* [TASK]:
Scan the records below for the line containing "The building at" and the line containing "Das Bild zeigt". Copy both, plus every line between, exactly.

* [DATA FOR THIS TASK]:

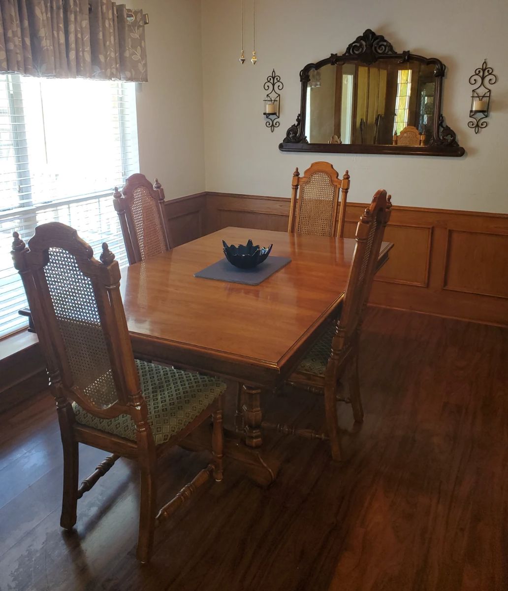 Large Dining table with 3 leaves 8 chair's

* * *

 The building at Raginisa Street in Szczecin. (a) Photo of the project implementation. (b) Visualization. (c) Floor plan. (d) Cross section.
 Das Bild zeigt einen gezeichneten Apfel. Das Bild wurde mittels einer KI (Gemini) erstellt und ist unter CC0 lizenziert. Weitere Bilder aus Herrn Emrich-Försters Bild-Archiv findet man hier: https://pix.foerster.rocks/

* [OUTPUT BELOW]:
 The building at Raginisa Street in Szczecin. (a) Photo of the project implementation. (b) Visualization. (c) Floor plan. (d) Cross section.
 Das Bild zeigt einen gezeichneten Apfel. Das Bild wurde mittels einer KI (Gemini) erstellt und ist unter CC0 lizenziert. Weitere Bilder aus Herrn Emrich-Försters Bild-Archiv findet man hier: https://pix.foerster.rocks/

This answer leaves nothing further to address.